### Data extract
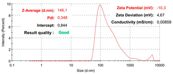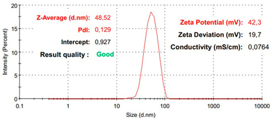 The dynamic light scattering (DLS) technique was used for particle size distribution using a Nano ZS Zetasizer (Malvern Instruments, Malvern, UK)-type device. The measurements were performed at a spreading angle of 90° and at a temperature of 25 °C. Three data acquisitions were made per sample, resulting in the relevant average diameter and polydispersity index values.
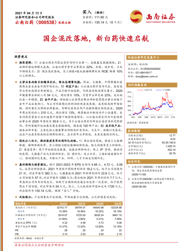 【西南证券】【20210413】云南白药:国企混改落地,新白药快速启航-35页 行业研究
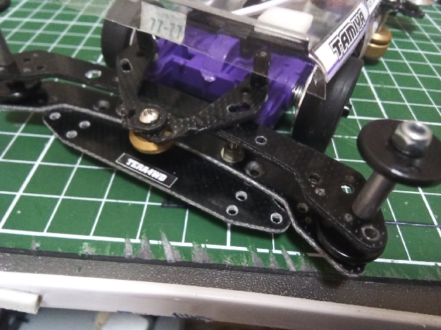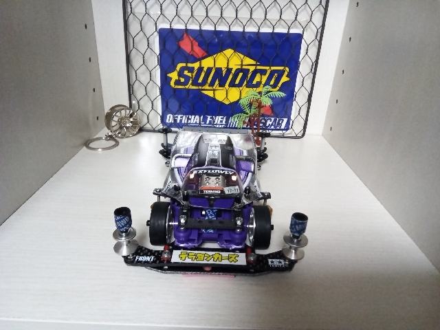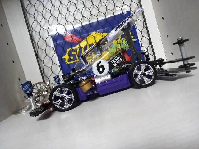 ストッククラスクラス用にしていたエクスフローリーを実戦向けにチューンナップしました。フレキ?なんですか?それはおいしいのですか?実はこれ、リジットMSでございます(歓喜)ほとんどカーボンは使っておらず、FRPに頼っています(金欠)そして、今回初めてのギミックを作りました。その名も「東北ダンパー」です。(これは東北ダンパーなのか、、、?)そして、いつの日かの端材を使ってアンダープレートを作りました。参考にしてみてください。最後に詳細書いておきます。 ●車体/エクスフローリー(紫リジットMSシャーシ) ●ギミック/提灯、東北ダンパー ●総額/4500円
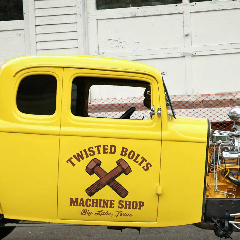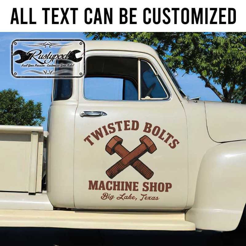personalized crossing bolds hot rod door sign rusty nuts lettering kustom kulture repair shop lettering sticker 13248
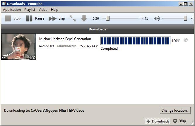 Nếu bạn muốn thay đổi thư mục mặc định để lưu trữ các video đã tải, hãy nhấp vào nút Change location trong cửa sổ Downloads.
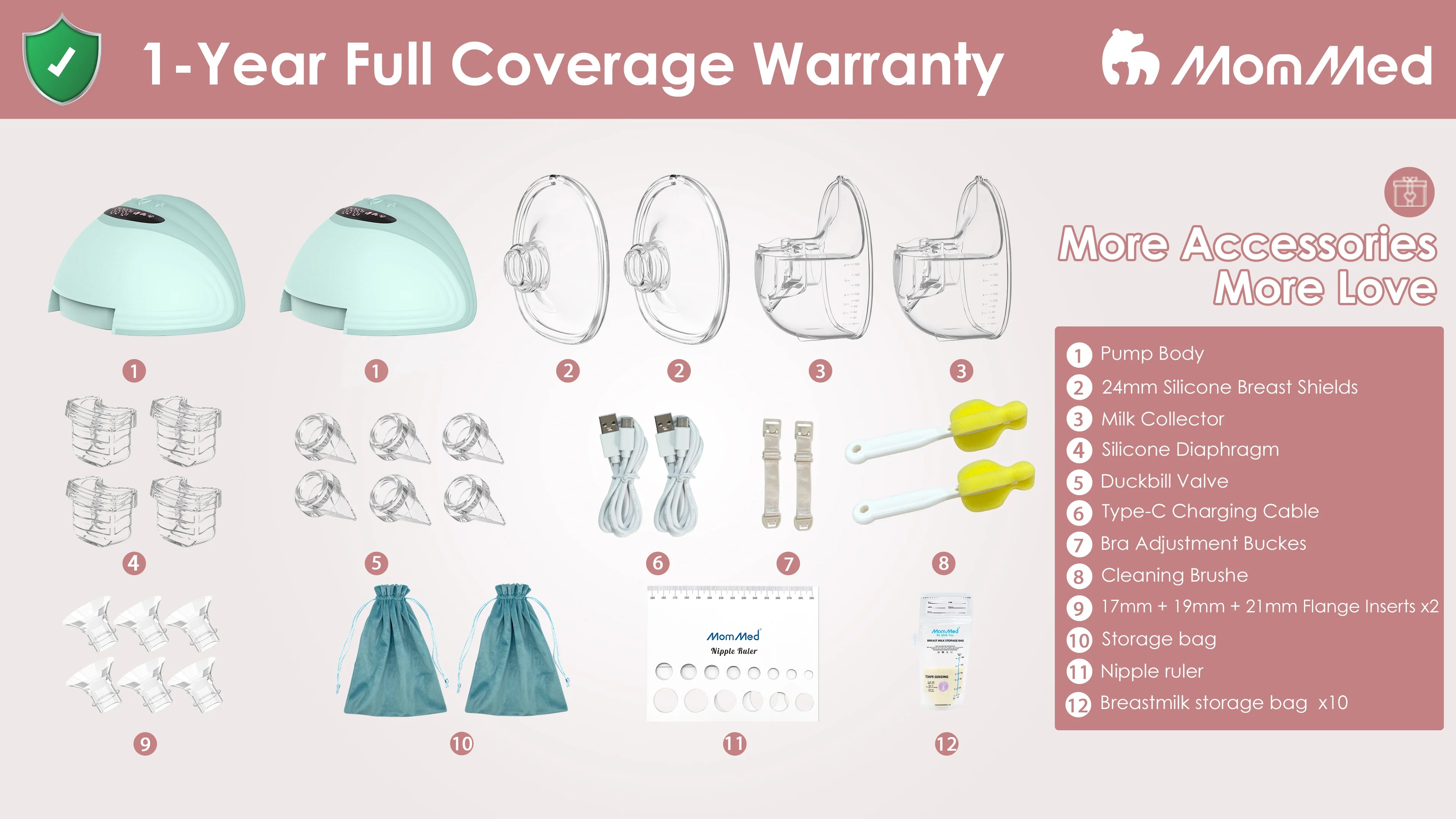 The MomMed S21 breast pump comes with a built-in rechargeable battery that lasts up to 5–6 pumping sessions per full charge. Use the included USB charging cable and allow approximately 2 hours for a full charge. Always charge before first use.
######
Reproduce the listing word for word, but keep the pictures out of it.

 The dynamic light scattering (DLS) technique was used for particle size distribution using a Nano ZS Zetasizer (Malvern Instruments, Malvern, UK)-type device. The measurements were performed at a spreading angle of 90° and at a temperature of 25 °C. Three data acquisitions were made per sample, resulting in the relevant average diameter and polydispersity index values.
 【西南证券】【20210413】云南白药:国企混改落地,新白药快速启航-35页 行业研究
 ストッククラスクラス用にしていたエクスフローリーを実戦向けにチューンナップしました。フレキ?なんですか?それはおいしいのですか?実はこれ、リジットMSでございます(歓喜)ほとんどカーボンは使っておらず、FRPに頼っています(金欠)そして、今回初めてのギミックを作りました。その名も「東北ダンパー」です。(これは東北ダンパーなのか、、、?)そして、いつの日かの端材を使ってアンダープレートを作りました。参考にしてみてください。最後に詳細書いておきます。 ●車体/エクスフローリー(紫リジットMSシャーシ) ●ギミック/提灯、東北ダンパー ●総額/4500円
personalized crossing bolds hot rod door sign rusty nuts lettering kustom kulture repair shop lettering sticker 13248
 Nếu bạn muốn thay đổi thư mục mặc định để lưu trữ các video đã tải, hãy nhấp vào nút Change location trong cửa sổ Downloads.
 The MomMed S21 breast pump comes with a built-in rechargeable battery that lasts up to 5–6 pumping sessions per full charge. Use the included USB charging cable and allow approximately 2 hours for a full charge. Always charge before first use.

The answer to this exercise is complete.